What you have to do: In the material below, find the span from the line with "TE 系列/零件编号3-647502-4 04P" to the line with "nước tổ chức." and transcribe only those lines, exactly, ends included, without the pictures.

Supplied data:
_ _ _ _ _ _ _

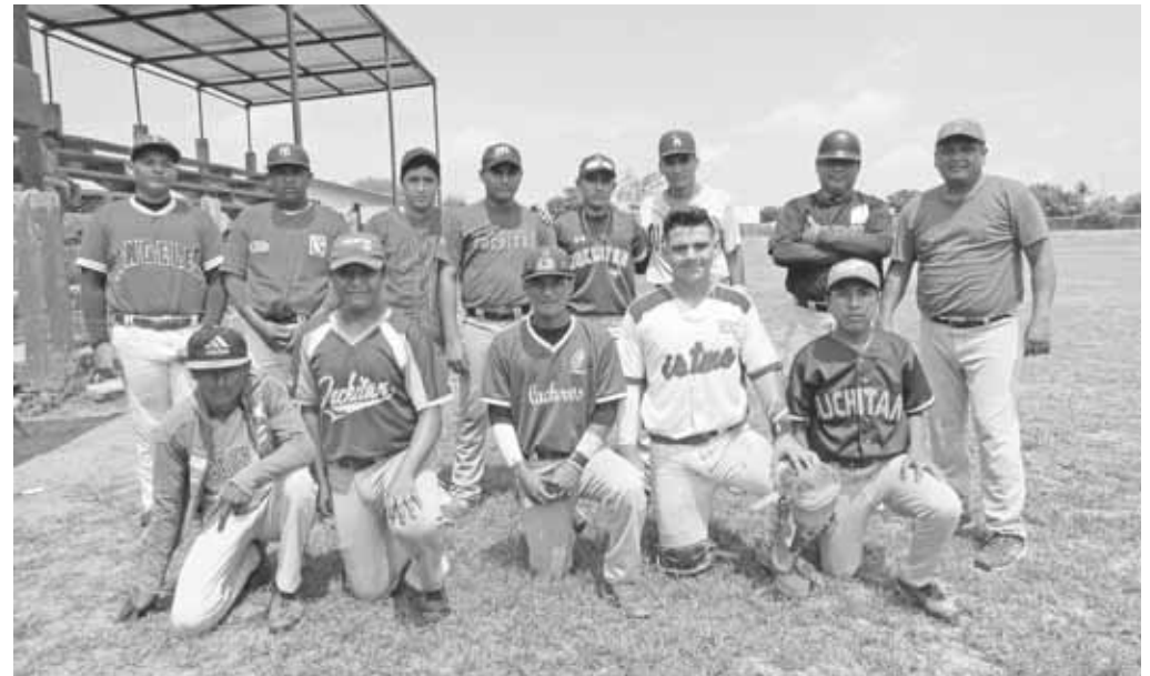
► Xhauis triunfó en el terreno de juego.
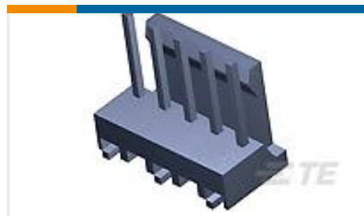
TE 系列/零件编号3-647502-4 04P MTA100 HDR ASSY, SM,SN, LF
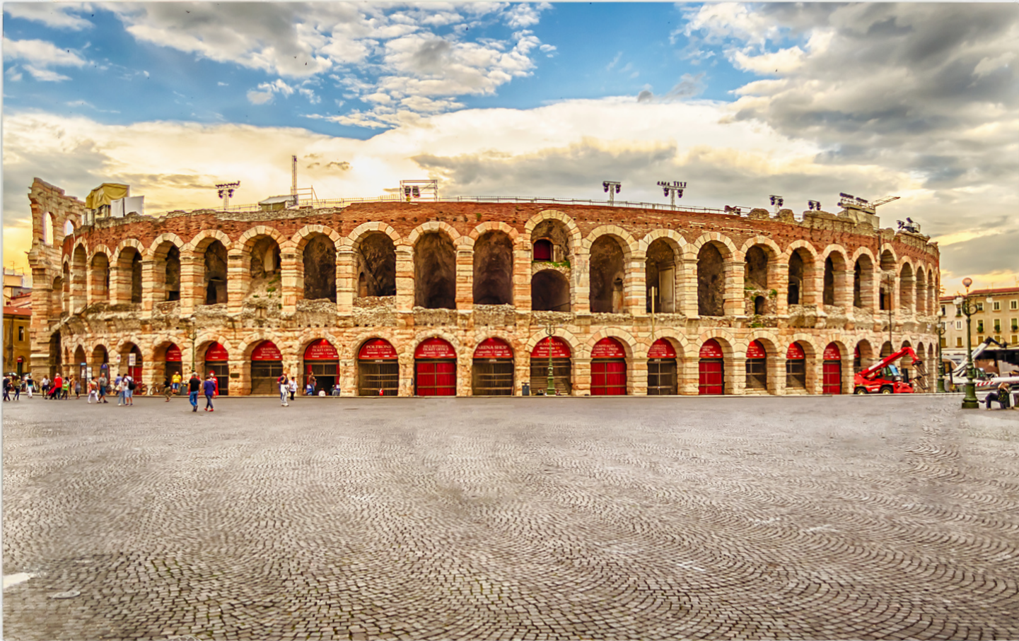
Arena di Verona

Verona offre diversi parcheggi a pagamento nelle vicinanze dell'Arena (Parcheggio Arena, P. Cittadella e P. Isolo).
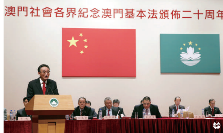
图⑫：2013年2月21日，吴邦国同志在澳门文化中心出席澳门社会各界纪念澳门基本法颁布20周年启动大会并发表讲话。
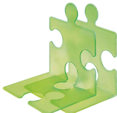
Buchstütze / CD-Ständer PUZZLE, 2er Set, grün-transluzent
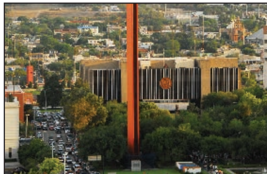
Palacio Municipal de Monterrey en 2005.

Inviten al abuelo de uno de sus compañeros para que les cuente cómo era la vida en su municipio. Todos traigan una foto actual y una muy antigua para que comparen cómo ha cambiado. Hagan un mural y consérvenlo para el proyecto de fin de curso.
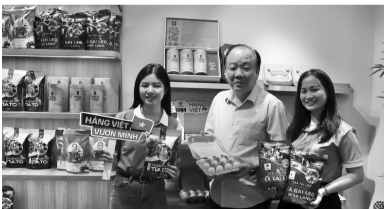
● Trứng gà và gà leo SaDu được trưng bày, giới thiệu tại “Sức sống hàng Việt” số 4 do Cục Quản lý và Phát triển thị trường trong nước tổ chức.

Chương trình được tổ chức theo hướng kết hợp đa kênh, gắn kết giữa trưng bày, bán hàng trực tiếp với hoạt động livestream trên nền tảng số, qua đó tăng cường kết nối cung - cầu, mở rộng hệ thống phân phối và đưa sản phẩm Việt đến gần hơn với người tiêu dùng. Đây cũng là giải pháp góp phần nâng cao năng lực cạnh tranh của doanh nghiệp trong nước, thúc đẩy

_ _ _ _ _ _ _

Output:
TE 系列/零件编号3-647502-4 04P MTA100 HDR ASSY, SM,SN, LF
Arena di Verona

Verona offre diversi parcheggi a pagamento nelle vicinanze dell'Arena (Parcheggio Arena, P. Cittadella e P. Isolo).
图⑫：2013年2月21日，吴邦国同志在澳门文化中心出席澳门社会各界纪念澳门基本法颁布20周年启动大会并发表讲话。
Buchstütze / CD-Ständer PUZZLE, 2er Set, grün-transluzent
Palacio Municipal de Monterrey en 2005.

Inviten al abuelo de uno de sus compañeros para que les cuente cómo era la vida en su municipio. Todos traigan una foto actual y una muy antigua para que comparen cómo ha cambiado. Hagan un mural y consérvenlo para el proyecto de fin de curso.
● Trứng gà và gà leo SaDu được trưng bày, giới thiệu tại “Sức sống hàng Việt” số 4 do Cục Quản lý và Phát triển thị trường trong nước tổ chức.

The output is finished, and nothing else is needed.